Euro-Inflation überrascht und heizt EZB-Debatte an
ms Frankfurt
Die Inflation im Euroraum hat im Oktober erneut viel stärker angezogen als gemeinhin erwartet und sie liegt mit voraussichtlich 10,7% nun erstmals seit der Euro-Einführung 1999 im zweistelligen Bereich. Damit erhöht sich der Druck auf die Europäische Zentralbank (EZB), die Leitzinsen weiter spürbar anzuheben – zumal die Euro-Wirtschaft im dritten Quartal positiv überrascht hat. Zugleich nimmt aber die Diskussion zu, dass die EZB mit ihren Zinserhöhungen selbst zum Konjunkturrisiko wird. Die Euro-Notenbanker ringen bereits intensiv um den weiteren Kurs.
Wie Eurostat am Montag in einer ersten Schätzung mitteilte, sprang die Inflation im Oktober von zuvor 9,9% auf 10,7%. Von Reuters befragte Experten hatten nur mit 10,2% gerechnet. Die Inflation liegt damit mehr als fünfmal so hoch wie das Ziel der Währungshüter von 2,0%, das sie als optimal für die Wirtschaft ansehen. Bereits für September war zunächst eine Rate von 10,0% gemeldet worden, die dann auf 9,9% korrigiert wurde. Jetzt ist die Zweistelligkeit aber sicher erreicht.
Haupttreiber waren erneut die Energiepreise als Folge des Ukraine-Kriegs und der Energiekrise. Sie wiesen mit 41,9% die höchste jährliche Rate auf – nach 40,7% im September. Aber auch Lebensmittel verteuerten sich erneut kräftig – um 13,1%, gegenüber 11,8% im September. Industriegüter ohne Energie verteuerten sich um 6,0% (September: 5,5%) und Dienstleistungen um 4,4% (4,3%).

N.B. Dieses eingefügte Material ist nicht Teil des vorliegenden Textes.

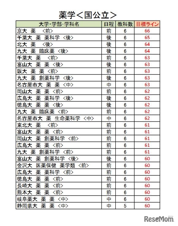 画像:駿台の情報をもとに作成 大学別合格目標ライン<国公立>薬学系

In den nächsten Monaten könnte die Inflationsrate noch weiter steigen. So prognostiziert die Commerzbank, dass zum Jahresende die 11-Prozent-Marke geknackt werden könnte. Als besonders besorgniserregend gilt, dass auch der unterliegende Preisdruck zunimmt. Die Kernrate ohne Energie und Lebensmittel legte im Oktober von 4,8% auf 5,0% zu. Das ist ebenfalls deutlich oberhalb des 2-Prozent-Inflationsziels. Selbst wenn die Inflation 2023 merklich zurückgehen sollte, spricht der unterliegende Preisdruck dagegen, dass die Teuerung rasch wieder in Richtung 2% sinkt. Damit steigt das Risiko, dass sich höhere Inflationsraten verfestigen – insbesondere über eine Lohn-Preis-Spirale.

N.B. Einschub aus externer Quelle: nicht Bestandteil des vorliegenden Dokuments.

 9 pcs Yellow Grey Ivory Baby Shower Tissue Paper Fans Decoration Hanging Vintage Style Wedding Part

Das erhöht den Druck auf die EZB. „Die Arbeit der EZB wird noch lange nicht beendet sein“, kommentierte Thomas Gitzel, Chefvolkswirt der VP Bank, am Montag. Mit der neuerlichen negativen Inflationsüberraschung nimmt aus Sicht auch vieler anderer Beobachter die Wahrscheinlichkeit zu, dass die EZB Mitte Dezember ihre Leitzinsen erneut um 75 Basispunkte erhöht.

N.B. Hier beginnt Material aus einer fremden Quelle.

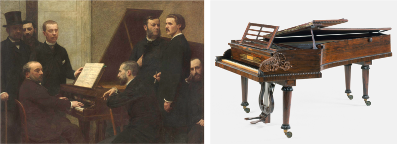 左)アンリ・ファンタン=ラトゥール《ピアノの周りで》 1885年 油彩・キャンヴァス, オルセー美術館蔵

Vergangenen Donnerstag hatte die EZB ihre Leitzinsen zum zweiten Mal in Folge um 75 Punkte angehoben – etwas, was es vor September überhaupt noch nie gegeben hatte. Seit Juli hat sie ihre Leitzinsen damit um insgesamt 200 Basispunkte erhöht – so aggressiv wie nie zuvor. Für die Zukunft hatte sie weitere Zinsschritte avisiert, sich aber zugleich etwas vorsichtiger geäußert. Hintergrund ist das zunehmende Rezessionsrisiko (siehe Text oben auf dieser Seite).
Das nährt auch die Debatte, ob es die EZB mit ihren Zinserhöhungen übertreibt. „Zwar erhöht sich das Risiko, dass die EZB immer mehr selbst zum Konjunkturrisiko wird“, sagte am Montag Fritzi Köhler-Geib, Chefvolkswirtin der KfW. „Mit Blick auf den starken Anstieg der Kerninflationsrate ist dieses konsequente Vorgehen gegen die Inflation aber unerlässlich.“
Im EZB-Rat wird bereits heftig über das weitere Vorgehen gerungen (vgl. BZ vom 29. Oktober). Der niederländische Zentralbankchef Klaas Knot plädierte am Sonntag dafür, die Zinsen im Dezember erneut um 50 oder 75 Basispunkte anzuheben. „Wir sind noch nicht einmal in der Halbzeit“, sagte er. Dagegen forderte Italiens Notenbankchef Ignazio Visco am Montag, dass die EZB wegen der hohen wirtschaftlichen Risiken graduell vorgehen müsse.